Patient showers and bathtubs are of major concern. In our opinion, patients should only use bathtubs while under direct supervision of staff. The obvious hazard of potential drowning plus the added risks from valves and fill spout are problematic. Patients can use showers if careful attention is given to all aspects of the design of the room, including the following:

 

•           Institutional-type showerheads have been around for a number of years and work reasonably well in this environment.

•           A variety of water control valves provide ligature resistance as well as control of water temperature and duration of flow. 

Some of these valves are also usable in ADA showers. For remodeling work, assemblies that have stainless steel panels with the head and valve already mounted are available.

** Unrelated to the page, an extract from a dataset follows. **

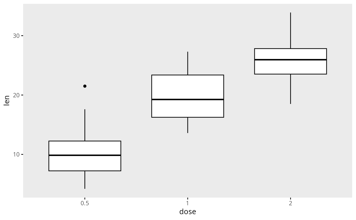 p <- ggboxplot(ToothGrowth, x = "dose", y = "len",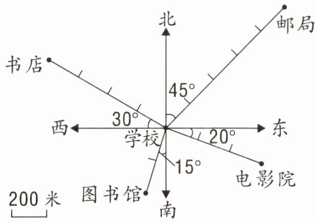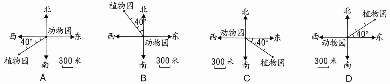 (3)植物园在动物园的东偏北 $40^{\circ}$ 方向 $900$ m 处,下面表示正确的是(

•           Soap dishes should be recessed and not have grab handles.

 

•           Grab bars, if present, should be as discussed above.

 

•           If possible, shower stalls should be designed so a shower curtain is not needed. Use of shower curtains is highly discouraged since they simultaneously provide an attachment point and a ligature in the form of the curtain. If they must be used, an aluminum track mounted flush to the ceiling with an absolute minimum of breakaway fasteners could be provided. However, our experience is that the curtain can be bunched up so the holding weight of all the fasteners can be added together (anoxia does not require that the person’s entire body weight be supported). The shower curtains themselves should always be made of a breathable material such as woven fabric with applied waterproofing.

 

•           As elsewhere, lighting fixtures in patient toilets and showers should be a security type with fully enclosed frames, lenses of polycarbonate or similar material, and security fasteners.

 

•           Air grilles and fire sprinkler heads should be provided as discussed above.

 

Level V: Special Considerations. Areas where staff interact with newly admitted patients who present unknown risks or where patients may be in a highly agitated condition create unique issues that fall outside the ranges described in Levels I through IV and require special considerations for the safety of both patients and staff. Such areas include seclusion rooms, examination rooms, and admission rooms. Seclusion rooms are clearly defined in the FGI Guidelines and will not be elaborated on further here.

 

 In admissions screening rooms or intake assessment areas, staff encounter patients who are unknown to them and who may become agitated and violent when they realize they will be admitted. These rooms should have a minimum of furniture and everything possible should be securely anchored in place. Computers, telephones, and cords and cables should be kept as far from the patients as possible.

 

 

Careful attention should be given to the furniture arrangement and the location of the door. Seating for staff should always be closer to the door than the patients’ chairs. Although somewhat counter- intuitive, this arrangement is very important so that staff always have an escape route in case a patient becomes violent. Duress alarms are also highly desirable in these rooms.

 

 Examination/treatment rooms contain multiple potentially hazardous items that are essential to the function of the room and thus cannot be removed. Therefore, it is strongly advised that two staff members always be present when a patient is in these rooms.

 

 

Solutions

 

Psychiatric inpatient facilities present a unique set of challenges, and the solutions to designing safe facilities are often completely different from what is typically done for medical/surgical units in a general hospital. Decisions about design for psychiatric facilities should be thoroughly discussed with facility staff beginning during the programming phase and continuing at decision points throughout a project. As well, the decisions made should be documented, including the reasons behind them, before proceeding to subsequent phases of a project.

 

Space does not allow detailed discussion of solutions to all of the problems mentioned in this paper and, in any case, answers are often very specific to a particular facility. In addition, a product that is perfectly acceptable for one patient population may not be acceptable for another.